One author, two books. One you love, one you hate

Yes! I bought everything Follett wrote up until The Third Twin, and I haven’t read a word of his since. Total crapola, that was.

One of my favorite books of all time is Heart of the Country by Greg Matthews, but I haven’t been able to get more than a few pages into anything else he’s written.

The only prolific writer who hasn’t disappointed me is David L. Martin, and he’s written literary-type stuff as well as thrillers. It’s all different, and all good.

Tim Powers.

Book I loved: The Drawing of the Dark.

Book I hated: Every other single word he set to print.

Isabel Allende.

Of Love and Shadows moved me and addressed issues I’d never seen addressed in fiction before. Loved it. So much I plan to read it again, only in Spanish.
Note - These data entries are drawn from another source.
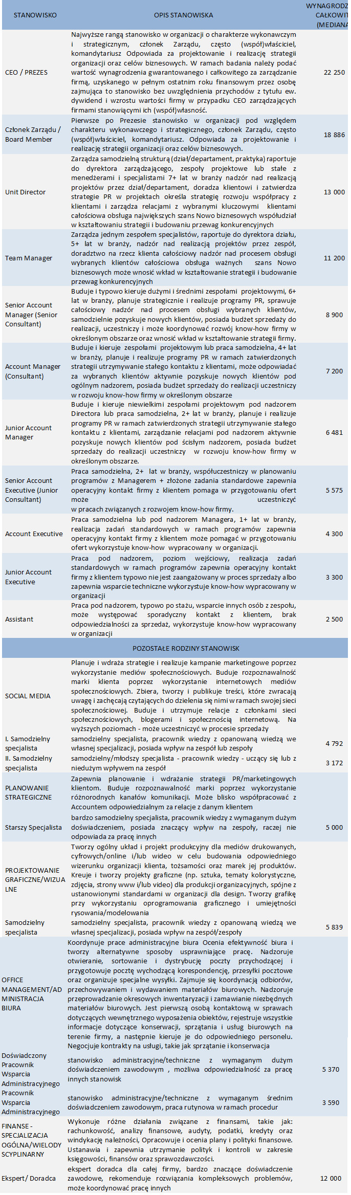 W tabeli poniżej zaprezentowano wartości przeciętnych wynagrodzeń (rynkowa mediana), dla typowych stanowisk dla branży public relations, dla płacy całkowitej. Roczna płaca całkowita to suma rocznej płacy gwarantowanej brutto i wartości zmiennych składników wynagrodzenia należnych w całym roku kalendarzowym 2016. Poniżej prezentowane są mediany w wymiarze miesięcznym (roczna płaca całkowita podzielona przez 12). Wartość wyrażona brutto dla umów o pracę i cywilnych – czyli obejmuje kwotę przekazaną pracownikowi oraz pobrany PIT i tzw. „ZUS pracownika”.
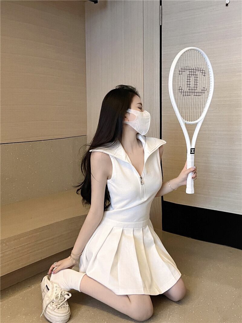 Pure desire white polo collar sleeveless dress women's summer 2022 new design temperament waist pleated skirt ホワイト プリーツ サマー 夏物 ノースリーブ スカート 0921922397381890
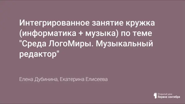 Интегрированное занятие кружка (информатика + музыка) по теме "Среда ЛогоМиры. Музыкальный редактор"
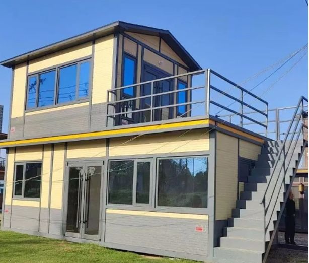 Casa contenedor de dos plantas de Instalación rápida para hoteles y villas con terraza de escaleras incorporada o externa opcional
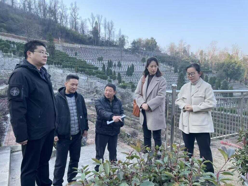 在马鞍山公墓、飞云陵园现场,调研组详细了解到墓地总体规模、现有存量、群众生态安葬需求等方面的情况。调研组强调要紧扣“保供、保安全”这根底线,针对剩余可售墓位不足的实际情况,需提前做好谋划,争取相关部门政策支持,持续做好民生保障,解决民生需求;要抓实抓细墓区安全生产管理工作,在场所区域内设置安全提示标牌,常态化开展安全隐患排查治理,全力保障群众祭祀环境安全有序。
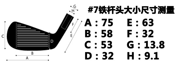 【杆头参数】 以下参数为#7铁,实测 重量:270.6克 杆面角:32度 Lie角:61.5度 杆面后移(FP):3.3mm(什么是FP?请点击:) 杆头尺寸:
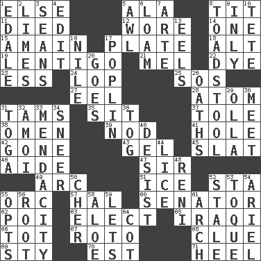 ACROSS 1. Otherwise 5. Insect wing 8. Teat (slang) 11. Passed on 12. Had on 14. Single 15. With great haste 17. Food holder 18. Keyboard modifier key 19. Small, flat, pigmented spot on the skin 21. Cartoonist voice _ Blanc 22. Color 23. Curvy letter 24. Trim (branches) 25. Distress signal 27. Snakelike fish 28. Smallest unit of an element 31. Scottish caps 35. Be seated 37. Lacquered or enameled metalware 38. Presage 39. Allow head to fall sleepily 41. Hollow 42. Went 43. Set 45. Narrow board 46. Helper 47. Title for a knight 49. Curve 51. Frozen water 52. R.R. building 55. The grampus (Milton) 57. Actor Linden 60. Elected representative 62. Luau course 63. Voters do this 65. Resident of Iraq 66. Small child 67. Printing process, for short 68. A slight indication 69. Filthy place 70. Eastern Standard Time (abbr.) 71. The bottom of a shoe or boot DOWN 1. Peak District village in England 2. Citrus fruits 3. Actors Connery and Penn 4. Prepare for publication 5. Leather borer 6. Rich soil 7. Johnson of "Laugh-In" 8. Inedible or poisonous agaric 9. In an inward manner 10. False hair 13. Snakelike fish 16. Mediterranean tributary 17. Cotton for raincoats, e.g. 20. Moves 26. Expletives 29. Rounded earthenware pot or jar 30. Confront 31. Ancient Roman robe 32. Mine, in Marseilles 33. Ananias' fault 34. Scornful expression 36. Coat; cloak 40. Stop 44. Louse (plural) 48. Painter Guido (1575-1642) 50. "Mermaids" star 52. Lacking originality or spontaneity 53. Woman's close-fitting hat 54. Satellite of Uranus 55. Elects 56. Carrot, for example 58. _ vera 59. Allows 61. Bowlike part 64. Small bed
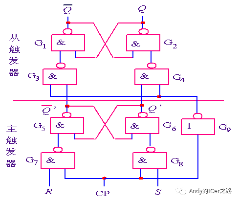 (1)当CP=1时,CP’=0,从触发器被封锁,保持原状态不变:主触发器工作,接收R和S端的输入信号。
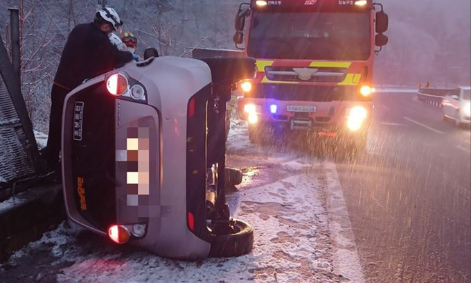 같은 날 낮 12시 20분쯤에는 강원 영월군 북면에서 트럭이 약 3m 아래로 추락해 운전자가 다쳤다. 또 오전 11시 5분쯤에는 강원 횡성 청일면에서 차량이 3m가량 아래로 떨어져 구조대가 3명을 구조했다.

The Infinite Plan? Yes, Isabel, we GET. IT. You live in America now, proven by paragraph upon paragraph which only purpose seems to be demonstrating that you can “develop” American characters. Trying too too hard. Distracting. Frustrating. Never made it through the book.

Brett Easton Ellis

American Psycho: Genius. Everything else he’s ever written, not so much, but The Informers and Glamorama sucked especially hard.

Chuck Palahniuk

Fight Club: Brilliant. Choke: ass.

John Crowley.

I passionately love “Little, Big” and have read it about once a year for the past 15, but have never managed to get more than a few dozen pages into anything else he’s written.

Also, I eagerly await just about everything Barbara Mertz writes as Elizabeth Peters, particularly her Amelia Peabody books, but cannot manage a single book she’s written as Barbara Michaels - they just bore me to death.

And Tim Powers - love “The Drawing of the Dark” and “On Stranger Tides”, can’t abide any of his others.